In an attempt to avoid polluting the benchmark results with the PowerProfile driver constantly executing, I set the driver sample period to a large value and only process the captured PowerProfile samples once the function being benchmarked exits. My first call to AMDTPwrReadAllEnabledCounters works as expected - returning 12 samples with RecordIDs 1 through 12 and with the expected elapsed time difference.
However, my second call to AMDTPwrReadAllEnabledCounters returns 12 samples but with RecordIDs 14 through 25. RecordID 13 appears to be missing. The elapsed time difference between the samples with RecordIDs 12 and 14 is also double what I would expect. This trend continues with each subsequent call to AMDTPwrReadAllEnabledCounters skipping one RecordID.

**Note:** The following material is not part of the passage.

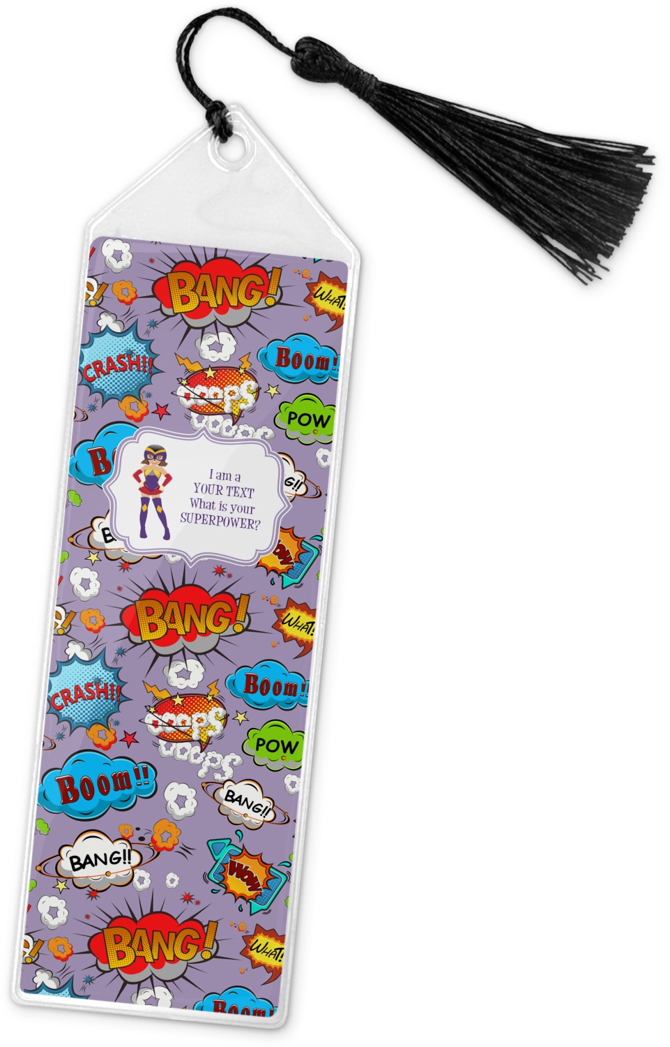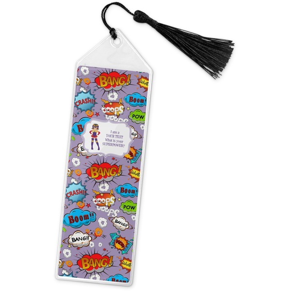Your personalized bookmark is made of a sturdy, clear vinyl, and is approximately 7.5" x 2.25". We display your personalization on vinyl inserts that are placed on both sides. Accompanying each book marker is a black, fringe tassel that attaches to the reinforced, triangular header.

Does anyone know of a workaround to this? I've already tried indexing one more entry into the returned array to see if the returned count had an off by 1 error.
I've put together a modified version of the CollectAllCounters example which demonstrates this behavior and have included the output I see when running it. The development platform is a Ryzen 2990WX on Ubuntu 18.04 LTS with AMD uProf 2.0.493. I recently tried upgrading to uProf 3.1.35 but the behavior persists.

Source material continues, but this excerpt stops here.